That was a few years ago but similar conditions. A lot of southerly wind and an adverse current in the area around the "Chops" of Vineyard Haven. We were sailing last week into both when I took this photo of my son at the helm.
Shortly there after we'd furled the jib and started the engine to make the last 10 or so miles to Woods Hole directly to windward as quickly as possible to catch the tide through. We were within a couple miles of where we'd lost the steering (a cable turning block loosened up and the cable dropped off) a few years before.
Back on deck, suddenly smoke billowed out of the engine compartment. We had a fire! Deja vu! Everyones jaw dropped. To top it off, we were between the Hedge Fence Shoal to port and another less forgiving shoal to starboard as I killed the engine.
I went below and pulled off the panel to the engine to see lots of smoke but no flames. My daughter who was below would keep looking for the source, the fire extinguisher right at hand, while I went back on decks. We were running out of deep water fast and getting pushed into the shoals to starboard.
Up on deck, young Tom and Mary Ann were getting the boat back sailing. The reefed main and mizzen still raised. It took some jockeying to get the boat to fall off enough to fill the jib, jibe(not a good time) and get sailing across an opening in the Hedge Fence back toward Marthas Vineyard. All the while asking MJ below if she could see the fire source. She couldn't and it appeared the smoke was clearing. Phew on that!

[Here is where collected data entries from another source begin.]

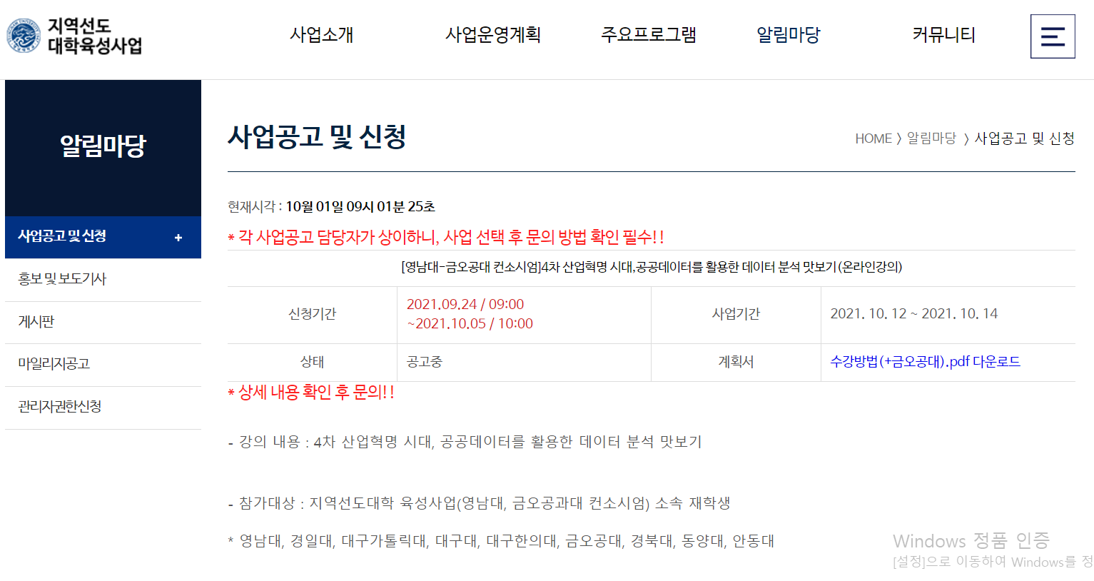 신청기간 : 21년 9월 24일 ~ 21년 10월 05일
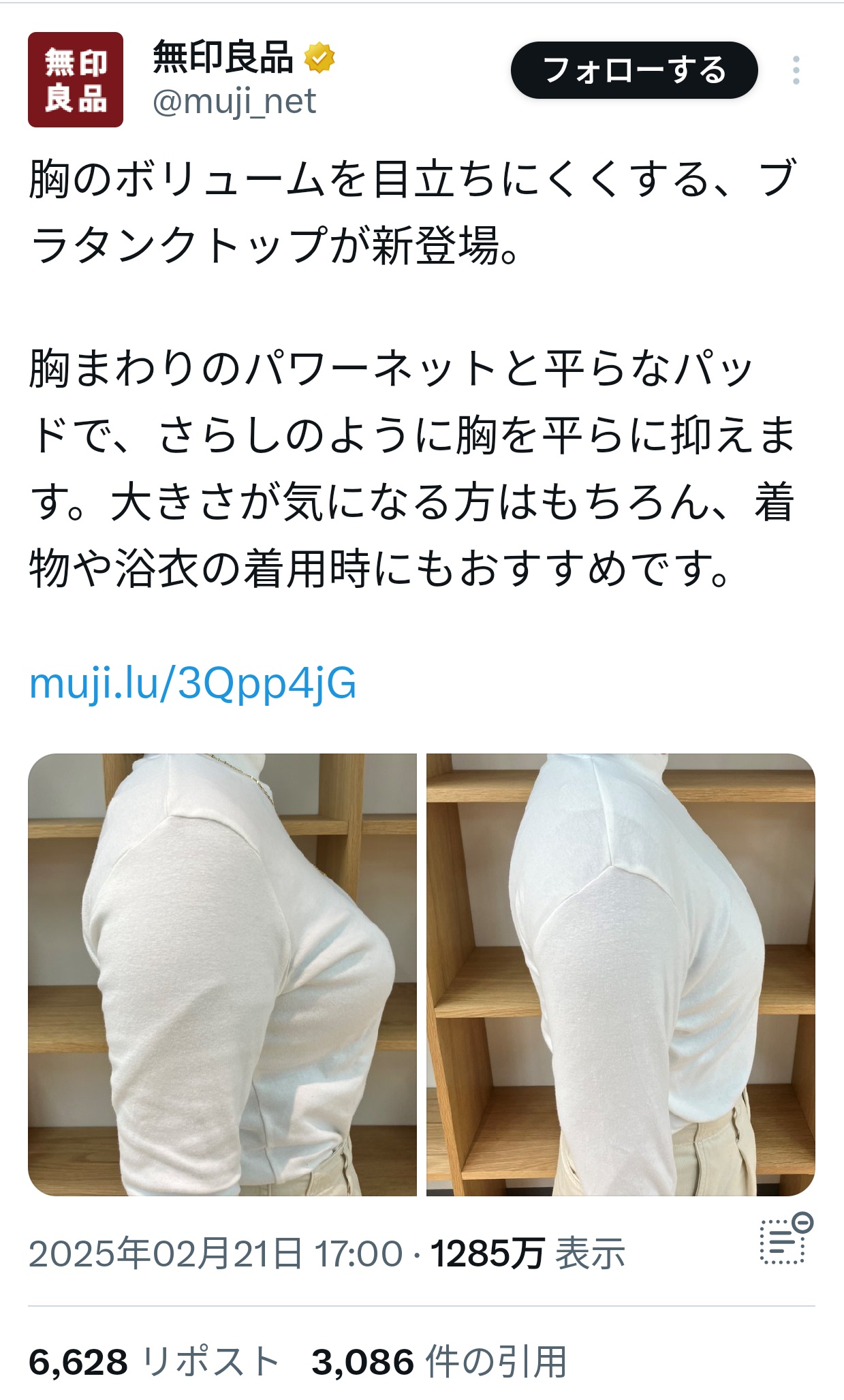 【画像】無印良品「お胸を抑えて目立たなくするブラ作ったよ!」 Twitter Facebook はてブ LINE コピー 2025.02.24 スポンサーリンク 1:以下、?ちゃんねるからVIPがお送りします:2025/02/23(日) 23:30:57.182 お前らどうすんのこれ 3:以下、?ちゃんねるからVIPがお送りします:2025/02/23(日) 23:31:44.230 これは欲しい 続きを読む
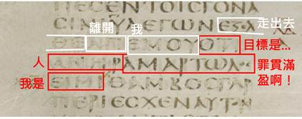 請看附圖,西奈抄本的路加5:8,最後一個紅框紅字之附近處有一個雜音字,本文要依照無雜音字來翻譯。第一個紅框紅字是「目標是…」,它的補語是在它後面所尾隨的三個紅框紅字,依序是「人 + 罪貫滿盈啊! + 我是、狀態動詞」,其中「罪貫滿盈」是希臘文法的呼格,必須譯作「罪貫滿盈啊!」,這三個紅框紅字是倒置句子,主詞和動詞被寫在最後〜〜「我是、狀態動詞」,所以這三個紅框紅字直譯作「我是一個罪貫滿盈的人啊!」,茲再加入第一個紅框紅字,就直譯作「我的目標竟是作一個罪貫滿盈的人啊!」。
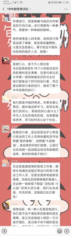 为积极响应校团委号召,2019级保险学、社保研究生团支部积极开展了“共克时艰,战疫有我”线上主题团日活动,组织成员观看《老师请回答》电视公开课和防疫科普知识视频,并通过支部微信群加强宣传工作,充分利用人民日报、新华社、丁香园公众号等资源,帮助支部成员及时了解疫情最新消息,引导支部成员通过支部微信群互动交流。
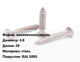 Саморез наконечник-сверло D=4.8 L=29 сталь RAL 5005, упаковка 1000 шт цена от 1 881 Р / кг, где купить, условия доставки в Бресте и Брестской области
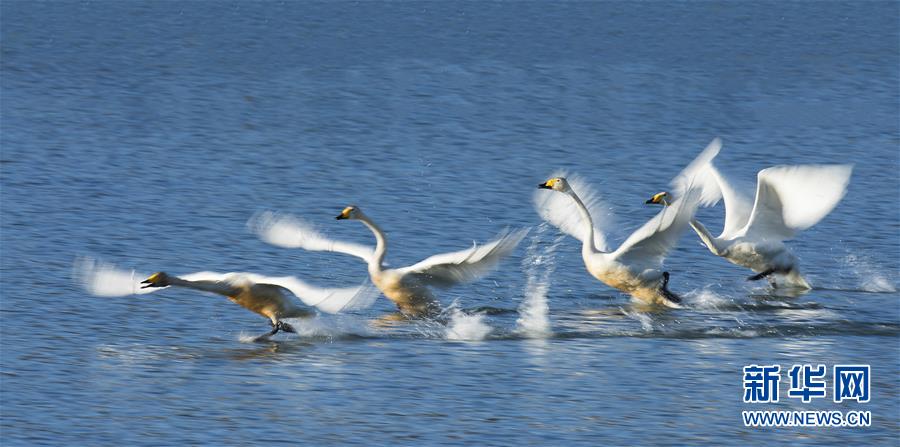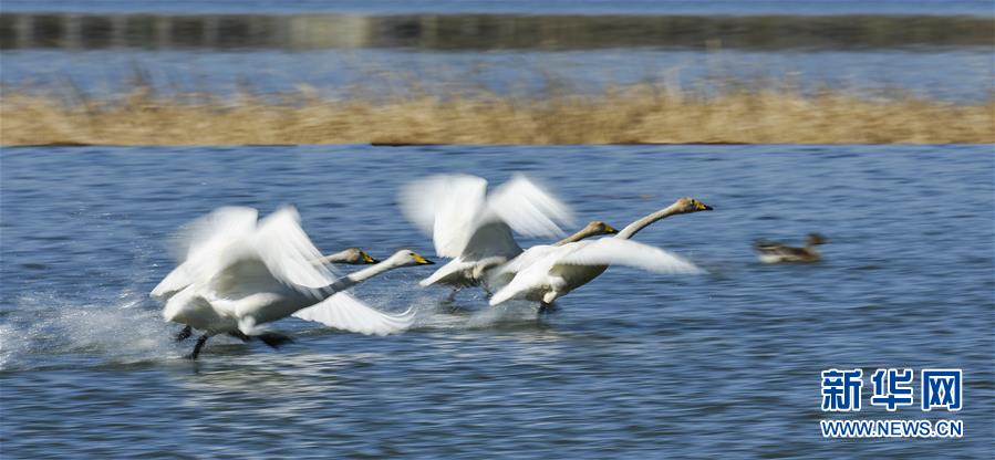 這是北京市密云區太師屯鎮蘆各莊村清水河水面上的野生白天鵝(3月13日攝)。 記者3月22日從北京市密云區委宣傳部獲悉,得益于密云水庫周邊生態環境改善,闊別12年之后,密云區太師屯鎮蘆各莊村清水河再次迎來大量野生白天鵝棲息。(新華社齊如久 攝)
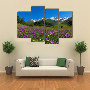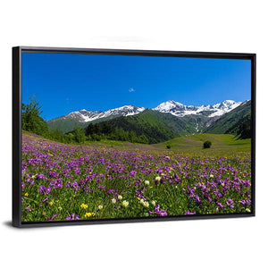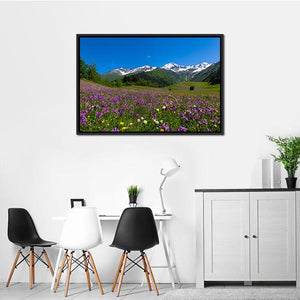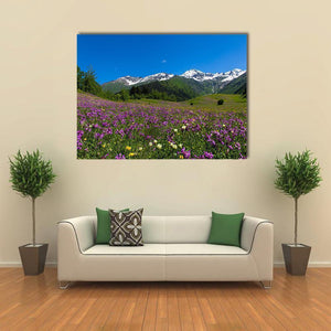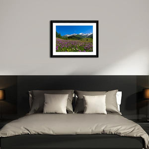 A serene, vibrant mountain meadow carpeted in dense purple and white wildflowers sits beneath jagged, snow-capped peaks and a clear blue sky. The realistic, wide-angle vista includes lush green, forested slopes that give the scene a majestic sense of scale. It suits modern or nature-inspired room decor where calm, natural landscapes are welcome.
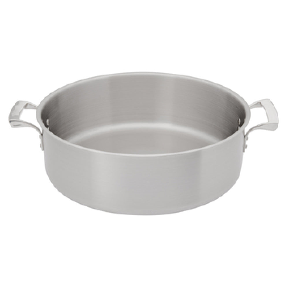 The Browne Foodservice 5724024 Thermalloy® Brazier is a versatile and durable cooking vessel with a substantial capacity of 25 quarts, making it suitable for various professional culinary applications. Measuring 17-4/5 inches in diameter and 5-4/5 inches in height, this brazier is designed to accommodate large-scale cooking while ensuring even heat distribution. Constructed from stainless steel with a 1/4 inch aluminum core, it provides superior thermal conductivity and durability. The brazier features two oversized stay-cool hollow cast riveted handles, allowing for safe and comfortable handling while in use. This product is compatible with a wide range of heat sources, including gas, electric, ceramic, halogen, and induction, offering flexibility in different kitchen environments. With its natural finish, the Brazier is both aesthetically pleasing and functional, and it is NSF certified, ensuring it meets high standards for public health and safety. It is packaged for cash and carry purposes, making it accessible and convenient for foodservice operations. Whether used in a bustling restaurant kitchen or a catering service, the Browne Foodservice 5724024 Thermalloy® Brazier stands out as a reliable and efficient choice for chefs seeking quality and performance.
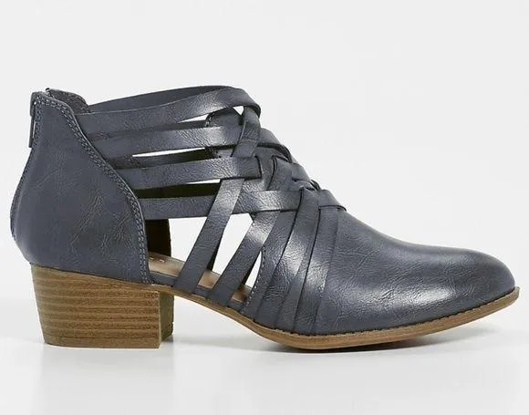 Maurices Diana Braided Strappy Cutout Faux-Leather Distressed Ankle Bootie Gray Size 9 These ankle... Show more

Here's what it was. Several feet of 12 gauge wire had burned the insulation completely off between the alternator and the ignition panel. This is the line between the panel that supplies power to the high output alternator. The insulation burned all the way up the wire to the ignition panel, went through on ON OFF switch, and was on it's way through the rest of the panel before it stopped by turning off the power. The 12 ga. copper did not burn and would easily have carried the short and fire through the panel to the end of the circuit. Scary.
The reason it did so was because a loop of the wire had loosened, fallen, and found the exhaust manifold, melted, and caused a dead short.
Why? I'd been chasing charging problems this whole trip eating several alternator belts. This included changing out the regulator to a back up I have and not properly bundling the wires knowing I'd be switching back soon.
I'm not superstitious. Nantucket Sound can be a nasty stretch of water at times (seems it's always our time) and the nasty short steep chop conditions can find weak spots on a boat . Last time, age weakened fastenings were loosened in the rough steering conditions. This time, shoddy wire tying was easily shaken loose.
With the short snipped and removed, we powered through Woods Hole without and alternator but had plenty of 12v power stored. Later in Hadley Harbor, I replaced the 12ga wire between the alternator and the ignition panel and a few other lines that either got knicked by the passing fire or also burned. This was a mini torch traveling through the boat. We were ready to put it out if it had gotten out of hand but fire can happen quickly.
I'm thinking I may install a 20 amp fuse in the ignition panel line in, that will protect all the 12 ga. load wire in the ignition panel(between gauges, switches etc, all 12ga), and would have opened on this short fed from the ignition panel. Any thoughts?